Could the entries below be transcribed word for word, with the pictures omitted?

Source data:
++++++++

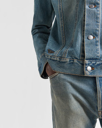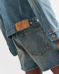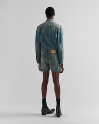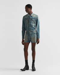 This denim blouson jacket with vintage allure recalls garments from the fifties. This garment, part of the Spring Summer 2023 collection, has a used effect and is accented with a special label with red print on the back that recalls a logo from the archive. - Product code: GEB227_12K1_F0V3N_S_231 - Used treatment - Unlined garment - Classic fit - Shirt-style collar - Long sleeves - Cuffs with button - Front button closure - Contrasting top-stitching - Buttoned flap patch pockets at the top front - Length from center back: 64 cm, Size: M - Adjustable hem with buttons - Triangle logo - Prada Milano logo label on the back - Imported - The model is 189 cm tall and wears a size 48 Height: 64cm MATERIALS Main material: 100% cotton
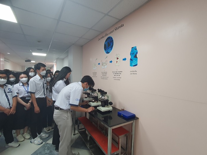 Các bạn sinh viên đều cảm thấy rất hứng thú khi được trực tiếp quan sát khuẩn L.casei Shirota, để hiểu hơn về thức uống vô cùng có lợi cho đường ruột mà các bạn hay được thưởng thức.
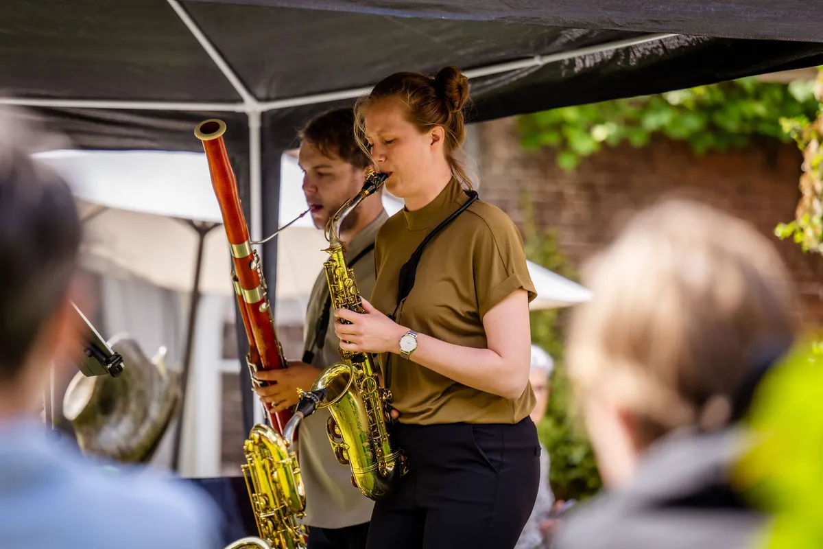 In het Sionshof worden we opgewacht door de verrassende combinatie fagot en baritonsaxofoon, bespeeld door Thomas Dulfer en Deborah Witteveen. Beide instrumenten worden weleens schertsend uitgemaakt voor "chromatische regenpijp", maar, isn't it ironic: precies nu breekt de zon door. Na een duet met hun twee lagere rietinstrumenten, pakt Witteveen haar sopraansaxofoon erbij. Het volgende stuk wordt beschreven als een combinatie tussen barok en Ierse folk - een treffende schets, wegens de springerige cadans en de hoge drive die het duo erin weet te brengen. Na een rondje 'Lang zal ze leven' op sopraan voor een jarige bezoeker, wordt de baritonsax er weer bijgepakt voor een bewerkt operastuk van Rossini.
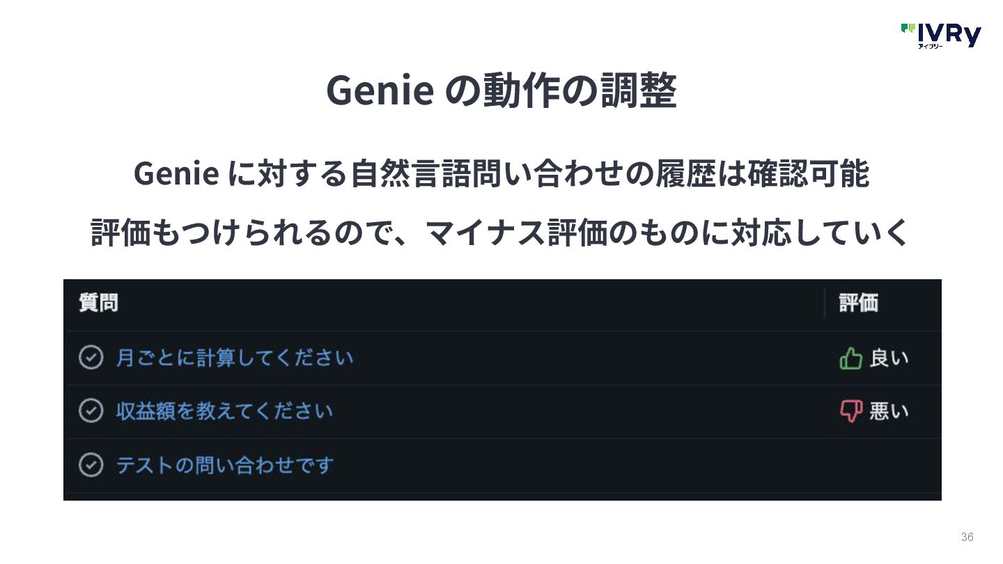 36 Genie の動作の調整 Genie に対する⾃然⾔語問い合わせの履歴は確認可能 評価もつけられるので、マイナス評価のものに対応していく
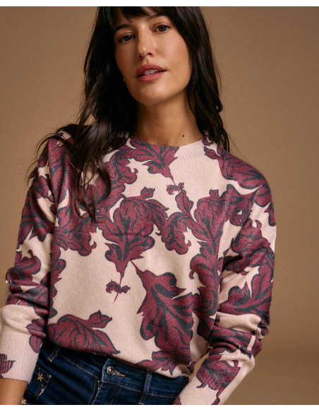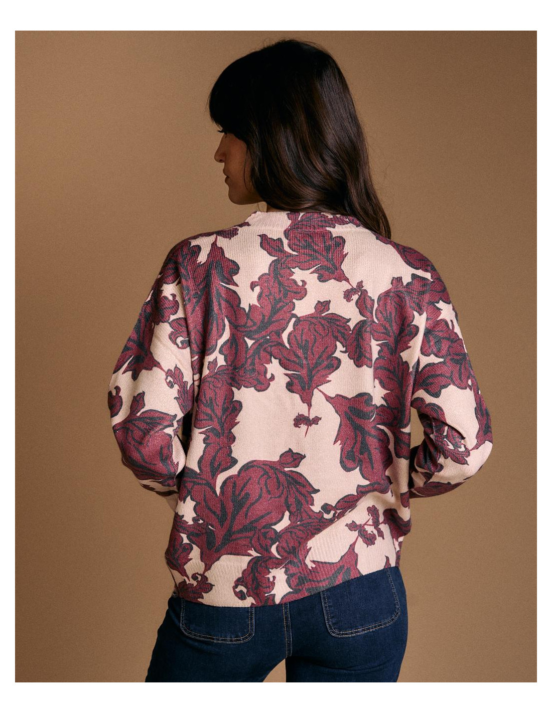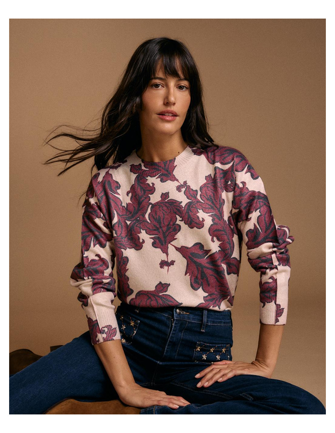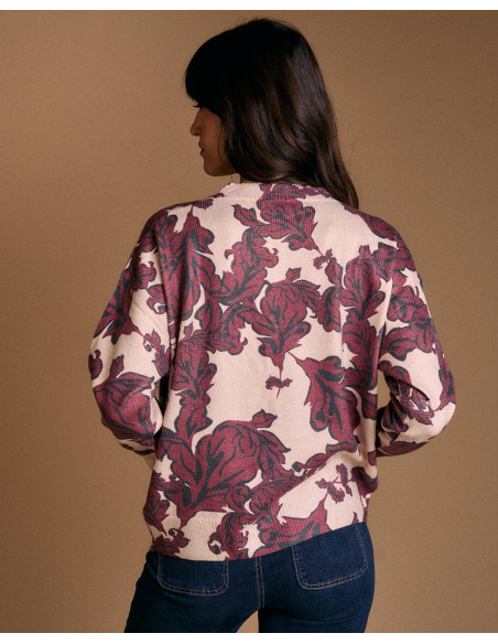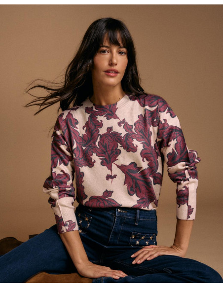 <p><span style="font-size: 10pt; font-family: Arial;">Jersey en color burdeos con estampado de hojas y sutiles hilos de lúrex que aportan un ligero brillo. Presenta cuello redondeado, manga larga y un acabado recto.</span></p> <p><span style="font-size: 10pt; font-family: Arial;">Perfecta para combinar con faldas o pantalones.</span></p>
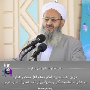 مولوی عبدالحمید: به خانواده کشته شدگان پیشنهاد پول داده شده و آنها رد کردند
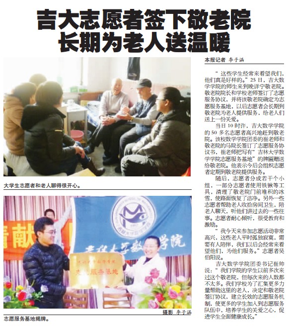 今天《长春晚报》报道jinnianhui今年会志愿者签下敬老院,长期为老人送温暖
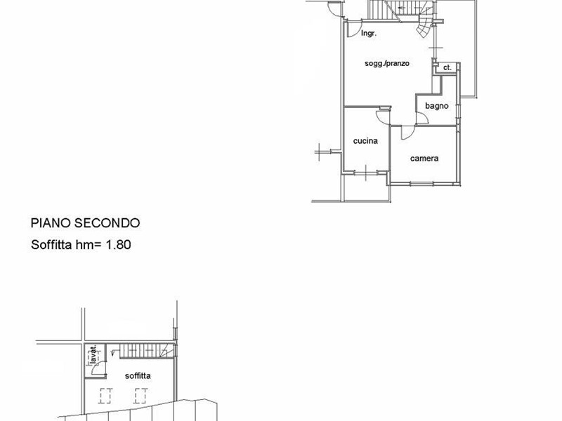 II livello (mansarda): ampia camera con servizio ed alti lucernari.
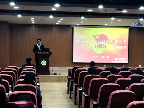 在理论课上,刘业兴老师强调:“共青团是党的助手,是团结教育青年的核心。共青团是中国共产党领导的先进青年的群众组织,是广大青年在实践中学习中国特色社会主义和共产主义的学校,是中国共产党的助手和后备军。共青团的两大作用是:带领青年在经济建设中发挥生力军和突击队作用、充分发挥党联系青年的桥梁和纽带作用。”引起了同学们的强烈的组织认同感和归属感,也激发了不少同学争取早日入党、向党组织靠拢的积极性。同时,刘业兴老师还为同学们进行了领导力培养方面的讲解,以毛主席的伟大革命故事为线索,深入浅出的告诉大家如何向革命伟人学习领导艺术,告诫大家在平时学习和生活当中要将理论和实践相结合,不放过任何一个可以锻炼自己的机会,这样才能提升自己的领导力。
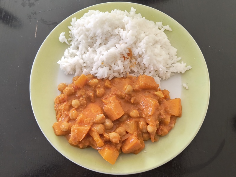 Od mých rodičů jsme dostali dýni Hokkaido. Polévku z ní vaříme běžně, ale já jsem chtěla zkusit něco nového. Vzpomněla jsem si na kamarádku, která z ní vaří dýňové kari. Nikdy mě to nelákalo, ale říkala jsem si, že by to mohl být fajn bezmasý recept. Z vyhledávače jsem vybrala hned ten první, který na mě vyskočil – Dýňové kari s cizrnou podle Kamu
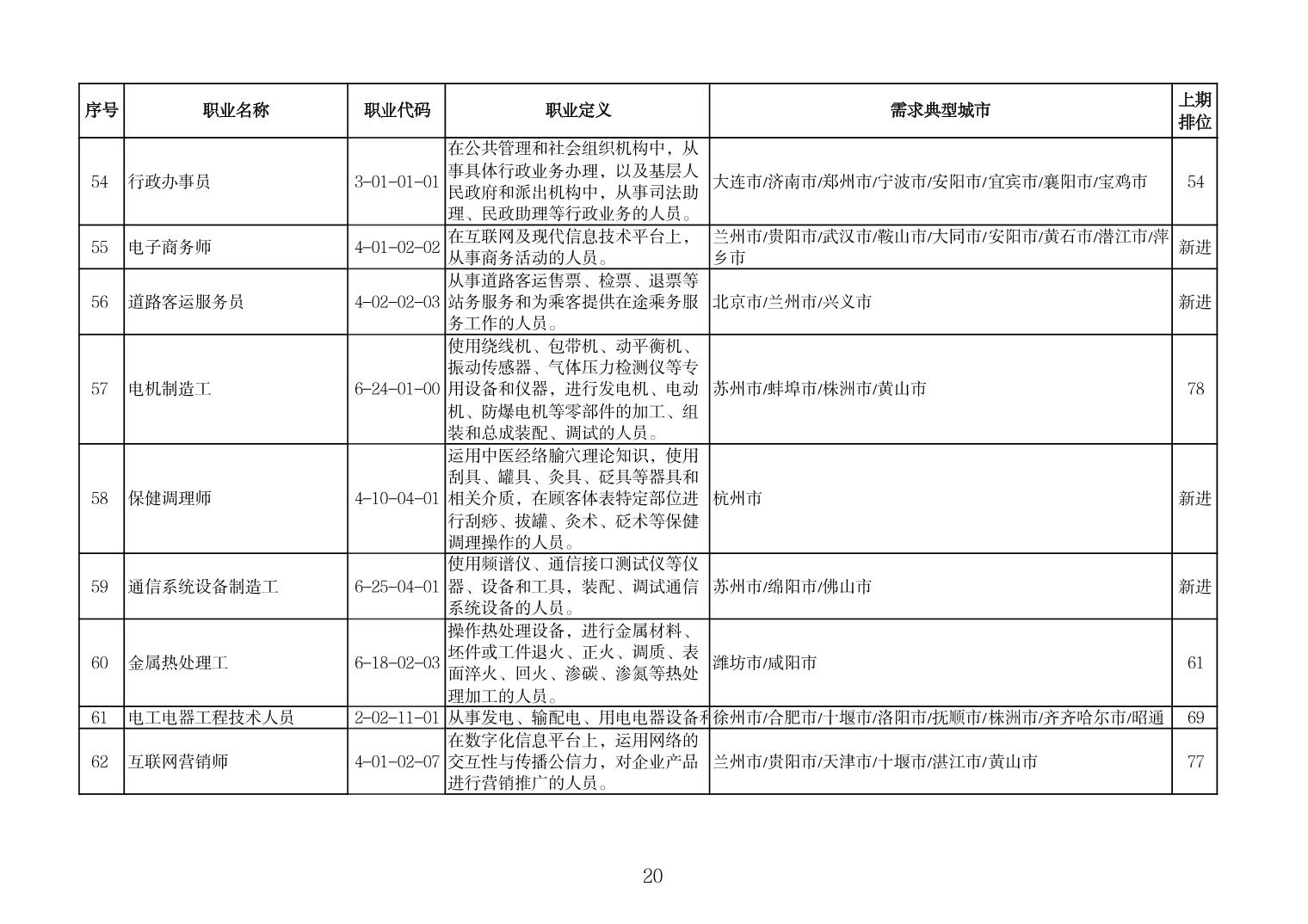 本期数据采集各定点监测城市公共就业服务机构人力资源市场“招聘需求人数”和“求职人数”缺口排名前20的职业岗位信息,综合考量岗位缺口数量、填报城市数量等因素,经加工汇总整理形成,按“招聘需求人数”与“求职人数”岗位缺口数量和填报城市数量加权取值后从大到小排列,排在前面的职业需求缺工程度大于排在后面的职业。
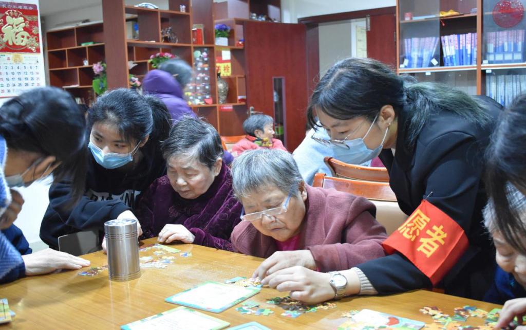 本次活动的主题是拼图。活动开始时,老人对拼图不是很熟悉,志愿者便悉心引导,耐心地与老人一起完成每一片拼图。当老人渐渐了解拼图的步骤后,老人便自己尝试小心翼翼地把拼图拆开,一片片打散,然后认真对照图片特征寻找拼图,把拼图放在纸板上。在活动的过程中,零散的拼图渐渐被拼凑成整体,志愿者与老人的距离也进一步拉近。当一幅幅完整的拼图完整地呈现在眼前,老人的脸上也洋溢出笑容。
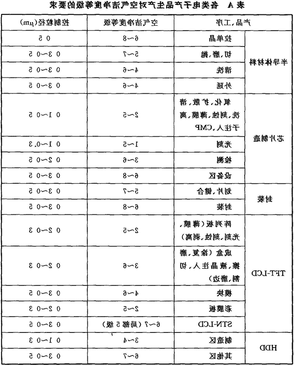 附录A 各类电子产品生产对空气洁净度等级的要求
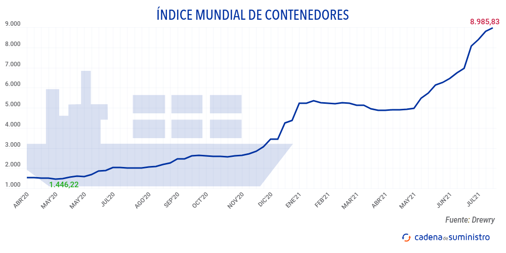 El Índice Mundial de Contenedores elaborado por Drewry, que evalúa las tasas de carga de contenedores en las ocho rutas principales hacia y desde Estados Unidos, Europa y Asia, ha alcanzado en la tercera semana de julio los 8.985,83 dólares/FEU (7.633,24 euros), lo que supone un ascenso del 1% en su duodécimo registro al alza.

++++++++

ANSWER TO THE EXERCISE:
 This denim blouson jacket with vintage allure recalls garments from the fifties. This garment, part of the Spring Summer 2023 collection, has a used effect and is accented with a special label with red print on the back that recalls a logo from the archive. - Product code: GEB227_12K1_F0V3N_S_231 - Used treatment - Unlined garment - Classic fit - Shirt-style collar - Long sleeves - Cuffs with button - Front button closure - Contrasting top-stitching - Buttoned flap patch pockets at the top front - Length from center back: 64 cm, Size: M - Adjustable hem with buttons - Triangle logo - Prada Milano logo label on the back - Imported - The model is 189 cm tall and wears a size 48 Height: 64cm MATERIALS Main material: 100% cotton
 Các bạn sinh viên đều cảm thấy rất hứng thú khi được trực tiếp quan sát khuẩn L.casei Shirota, để hiểu hơn về thức uống vô cùng có lợi cho đường ruột mà các bạn hay được thưởng thức.
 In het Sionshof worden we opgewacht door de verrassende combinatie fagot en baritonsaxofoon, bespeeld door Thomas Dulfer en Deborah Witteveen. Beide instrumenten worden weleens schertsend uitgemaakt voor "chromatische regenpijp", maar, isn't it ironic: precies nu breekt de zon door. Na een duet met hun twee lagere rietinstrumenten, pakt Witteveen haar sopraansaxofoon erbij. Het volgende stuk wordt beschreven als een combinatie tussen barok en Ierse folk - een treffende schets, wegens de springerige cadans en de hoge drive die het duo erin weet te brengen. Na een rondje 'Lang zal ze leven' op sopraan voor een jarige bezoeker, wordt de baritonsax er weer bijgepakt voor een bewerkt operastuk van Rossini.
 36 Genie の動作の調整 Genie に対する⾃然⾔語問い合わせの履歴は確認可能 評価もつけられるので、マイナス評価のものに対応していく
 <p><span style="font-size: 10pt; font-family: Arial;">Jersey en color burdeos con estampado de hojas y sutiles hilos de lúrex que aportan un ligero brillo. Presenta cuello redondeado, manga larga y un acabado recto.</span></p> <p><span style="font-size: 10pt; font-family: Arial;">Perfecta para combinar con faldas o pantalones.</span></p>
 مولوی عبدالحمید: به خانواده کشته شدگان پیشنهاد پول داده شده و آنها رد کردند
 今天《长春晚报》报道jinnianhui今年会志愿者签下敬老院,长期为老人送温暖
 II livello (mansarda): ampia camera con servizio ed alti lucernari.
 在理论课上,刘业兴老师强调:“共青团是党的助手,是团结教育青年的核心。共青团是中国共产党领导的先进青年的群众组织,是广大青年在实践中学习中国特色社会主义和共产主义的学校,是中国共产党的助手和后备军。共青团的两大作用是:带领青年在经济建设中发挥生力军和突击队作用、充分发挥党联系青年的桥梁和纽带作用。”引起了同学们的强烈的组织认同感和归属感,也激发了不少同学争取早日入党、向党组织靠拢的积极性。同时,刘业兴老师还为同学们进行了领导力培养方面的讲解,以毛主席的伟大革命故事为线索,深入浅出的告诉大家如何向革命伟人学习领导艺术,告诫大家在平时学习和生活当中要将理论和实践相结合,不放过任何一个可以锻炼自己的机会,这样才能提升自己的领导力。
 Od mých rodičů jsme dostali dýni Hokkaido. Polévku z ní vaříme běžně, ale já jsem chtěla zkusit něco nového. Vzpomněla jsem si na kamarádku, která z ní vaří dýňové kari. Nikdy mě to nelákalo, ale říkala jsem si, že by to mohl být fajn bezmasý recept. Z vyhledávače jsem vybrala hned ten první, který na mě vyskočil – Dýňové kari s cizrnou podle Kamu
 本期数据采集各定点监测城市公共就业服务机构人力资源市场“招聘需求人数”和“求职人数”缺口排名前20的职业岗位信息,综合考量岗位缺口数量、填报城市数量等因素,经加工汇总整理形成,按“招聘需求人数”与“求职人数”岗位缺口数量和填报城市数量加权取值后从大到小排列,排在前面的职业需求缺工程度大于排在后面的职业。
 本次活动的主题是拼图。活动开始时,老人对拼图不是很熟悉,志愿者便悉心引导,耐心地与老人一起完成每一片拼图。当老人渐渐了解拼图的步骤后,老人便自己尝试小心翼翼地把拼图拆开,一片片打散,然后认真对照图片特征寻找拼图,把拼图放在纸板上。在活动的过程中,零散的拼图渐渐被拼凑成整体,志愿者与老人的距离也进一步拉近。当一幅幅完整的拼图完整地呈现在眼前,老人的脸上也洋溢出笑容。
 附录A 各类电子产品生产对空气洁净度等级的要求
 El Índice Mundial de Contenedores elaborado por Drewry, que evalúa las tasas de carga de contenedores en las ocho rutas principales hacia y desde Estados Unidos, Europa y Asia, ha alcanzado en la tercera semana de julio los 8.985,83 dólares/FEU (7.633,24 euros), lo que supone un ascenso del 1% en su duodécimo registro al alza.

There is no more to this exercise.